## Task item
Repeat exactly the lines running from the first line of the data to the line containing "Воздействие на окружающую", both ends included, and nothing else; drop the pictures.

## Data provided
[Start of section]
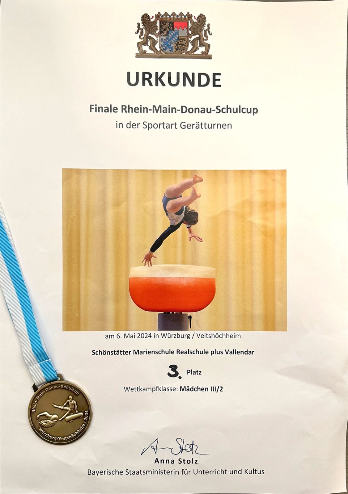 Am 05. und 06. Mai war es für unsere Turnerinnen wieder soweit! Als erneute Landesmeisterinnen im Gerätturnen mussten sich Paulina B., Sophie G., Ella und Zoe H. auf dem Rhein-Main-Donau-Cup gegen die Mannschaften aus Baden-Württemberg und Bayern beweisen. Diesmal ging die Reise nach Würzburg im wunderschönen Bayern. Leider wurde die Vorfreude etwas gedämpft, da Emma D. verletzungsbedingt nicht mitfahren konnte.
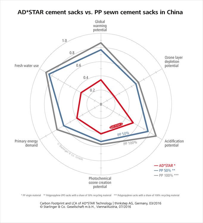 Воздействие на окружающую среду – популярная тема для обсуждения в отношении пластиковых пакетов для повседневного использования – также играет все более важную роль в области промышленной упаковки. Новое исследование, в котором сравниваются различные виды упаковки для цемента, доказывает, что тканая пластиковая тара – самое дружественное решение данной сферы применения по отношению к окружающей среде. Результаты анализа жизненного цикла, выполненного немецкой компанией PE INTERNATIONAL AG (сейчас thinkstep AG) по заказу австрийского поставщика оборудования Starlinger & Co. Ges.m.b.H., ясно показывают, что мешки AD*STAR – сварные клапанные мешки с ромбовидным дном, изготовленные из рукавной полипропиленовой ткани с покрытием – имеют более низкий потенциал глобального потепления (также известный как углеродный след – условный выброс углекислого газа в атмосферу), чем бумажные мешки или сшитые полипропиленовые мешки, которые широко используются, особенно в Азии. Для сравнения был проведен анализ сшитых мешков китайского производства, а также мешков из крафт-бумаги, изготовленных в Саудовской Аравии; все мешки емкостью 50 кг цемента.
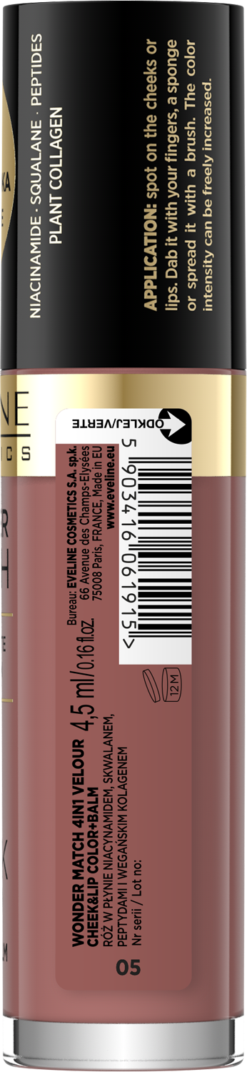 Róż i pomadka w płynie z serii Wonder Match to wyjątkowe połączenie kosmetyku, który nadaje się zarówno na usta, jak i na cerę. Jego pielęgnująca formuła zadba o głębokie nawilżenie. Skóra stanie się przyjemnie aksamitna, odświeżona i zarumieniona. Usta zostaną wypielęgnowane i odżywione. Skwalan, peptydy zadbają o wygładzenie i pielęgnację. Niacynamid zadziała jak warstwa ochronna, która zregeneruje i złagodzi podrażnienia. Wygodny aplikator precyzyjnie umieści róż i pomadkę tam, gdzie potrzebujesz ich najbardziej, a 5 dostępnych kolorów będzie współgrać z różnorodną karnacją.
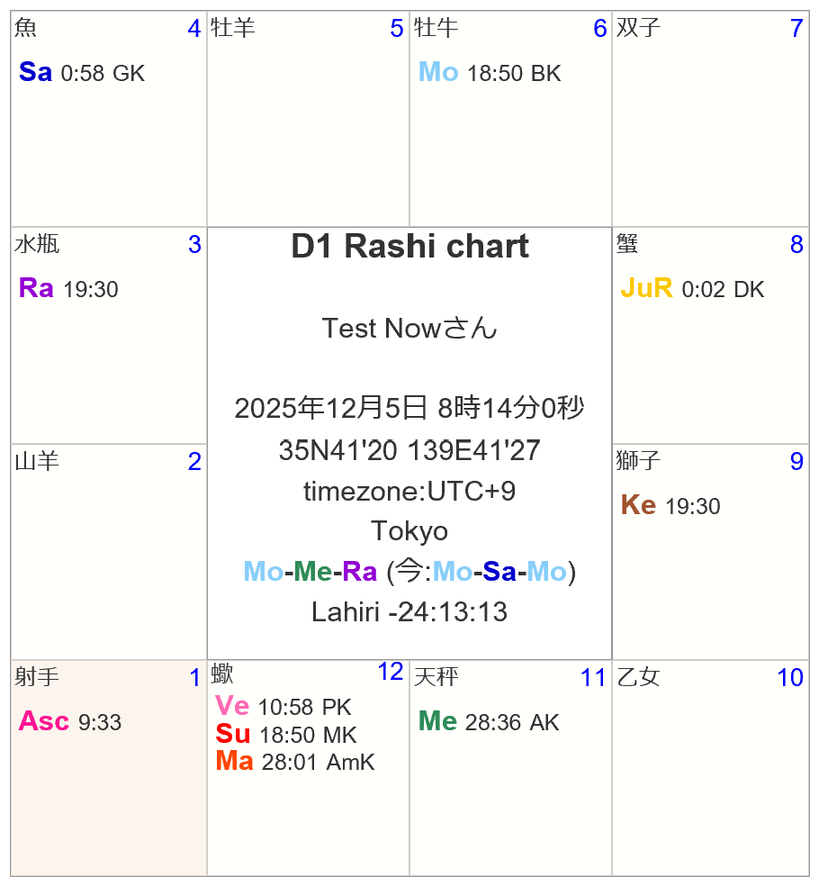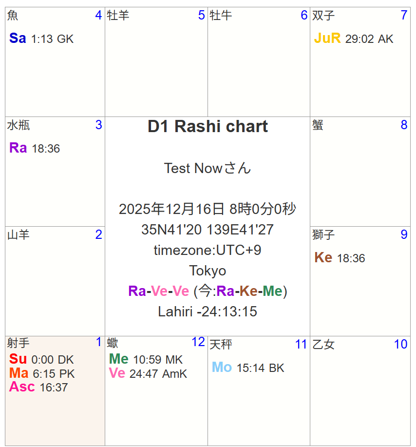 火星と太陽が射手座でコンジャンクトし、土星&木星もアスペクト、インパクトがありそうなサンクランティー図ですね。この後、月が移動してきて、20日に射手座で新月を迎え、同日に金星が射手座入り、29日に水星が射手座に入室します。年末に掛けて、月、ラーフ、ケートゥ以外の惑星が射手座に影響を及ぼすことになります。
[End of section]
## Result of this task
 Am 05. und 06. Mai war es für unsere Turnerinnen wieder soweit! Als erneute Landesmeisterinnen im Gerätturnen mussten sich Paulina B., Sophie G., Ella und Zoe H. auf dem Rhein-Main-Donau-Cup gegen die Mannschaften aus Baden-Württemberg und Bayern beweisen. Diesmal ging die Reise nach Würzburg im wunderschönen Bayern. Leider wurde die Vorfreude etwas gedämpft, da Emma D. verletzungsbedingt nicht mitfahren konnte.
 Воздействие на окружающую среду – популярная тема для обсуждения в отношении пластиковых пакетов для повседневного использования – также играет все более важную роль в области промышленной упаковки. Новое исследование, в котором сравниваются различные виды упаковки для цемента, доказывает, что тканая пластиковая тара – самое дружественное решение данной сферы применения по отношению к окружающей среде. Результаты анализа жизненного цикла, выполненного немецкой компанией PE INTERNATIONAL AG (сейчас thinkstep AG) по заказу австрийского поставщика оборудования Starlinger & Co. Ges.m.b.H., ясно показывают, что мешки AD*STAR – сварные клапанные мешки с ромбовидным дном, изготовленные из рукавной полипропиленовой ткани с покрытием – имеют более низкий потенциал глобального потепления (также известный как углеродный след – условный выброс углекислого газа в атмосферу), чем бумажные мешки или сшитые полипропиленовые мешки, которые широко используются, особенно в Азии. Для сравнения был проведен анализ сшитых мешков китайского производства, а также мешков из крафт-бумаги, изготовленных в Саудовской Аравии; все мешки емкостью 50 кг цемента.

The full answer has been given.